El precio del deseo · 3ª parte
Situada en el centro de la mesa se encontraba una botella de vino Vega Sicilia Único 1962. A ambos lados de ésta, y posicionadas estratégicamente entre el resto de elementos que recreaban una escena con tintes románticos, dos velas reflejaban sobre el mantel el carmesí del interior del recipiente, atravesando el cristal gracias al brillo de sus llamas en constante contoneo. Tres serían los platos que degustaría esa noche el señor Vanderbilt junto a la mejor compañía posible; no podía ser otra más que la de Catherine.
Las palabras fueron sucediendo, conformando frases que, si bien no parecían interesantes por su banalidad, hacían que ambos centrasen su atención el uno en el otro como si no existiera nadie alrededor. Dos tiernas miradas cuyo significado se podía adivinar sin necesidad de hablar. Miradas que se mantuvieron durante toda la velada… Tres minutos fueron los que tardaron en abandonar el restaurante. Exactamente los mismos que les llevó subir hasta su habitación del hotel.
Se envolvieron en un ansiado beso después de escuchar la puerta cerrar tras de sí, sabiendo que ya nadie les molestaría. Dos caricias tuvieron comienzo en el rostro de la mujer para terminar bajando lentamente el vestido que lucía. Tres eran las manos que deseaba tener el hombre en aquel instante.
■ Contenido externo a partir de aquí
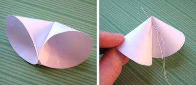 Aquí hay un adorno de Navidad que usted puede hacer con papeles de colores o páginas de la revista. No estoy seguro de cómo llamarlo. Una bola de embudo? Las instrucciones: 1. Corta 10 círculos de papel (de cualquier tamaño, siempre y cuando todos son iguales). Papel del texto de peso será más fácil trabajar que con cartulina. 2. Cortar cada círculo a lo largo del radio. 3. Ponga un pedazo pequeño de la doble vara de cinta en cada lado del corte cerca del borde del papel. 4. Da la vuelta al círculo por lo que el lado grabado se ha reducido, a continuación, tirar de cada aleta a través del círculo hacia usted y gire para formar un cono.Presione los extremos hacia abajo para asegurar grabado. Usted debe terminar con dos conos que se parecen vagamente a una galleta de la fortuna. Haga esto para cada uno de sus 10 círculos. 5. Cadena de los conos dobles junto con una aguja e hilo. Asegurarse de que están perfectamente recogidos en una bola y hacer un nudo. Use las puntas de salida de la rosca para hacer un lazo para colgar. He aquí un hecho de las páginas de la revista. Si te gusta la artesanía reciclada, darle un giro. Actualización: He probado una versión sentía !

Una noche… Una noche nada más. Y ella desaparecería de nuevo. Dueña del reino al que pertenecía su corazón. La única que le hacía sentir algo real.
Catherine era una reina, sí. Pero una que no necesitaba ni reyes ni castillos… tan sólo sus riquezas. Comstock no veía aquello como un problema; no al menos uno grave. Ambos sabían las condiciones, y aunque él quisiera otras no tenía más opción que conformarse. Esta mujer despertaba en su interior sensaciones que creía haber olvidado… Así pues, ¿por qué no vivirlas? Aunque cierto era que el precio a pagar por su compañía iba más allá de los caprichos en forma de joyas o lujosos planes. Era uno más alto e, inevitablemente, más doloroso para sí mismo…
El precio a pagar era la soledad con la que Catherine le dejaba después.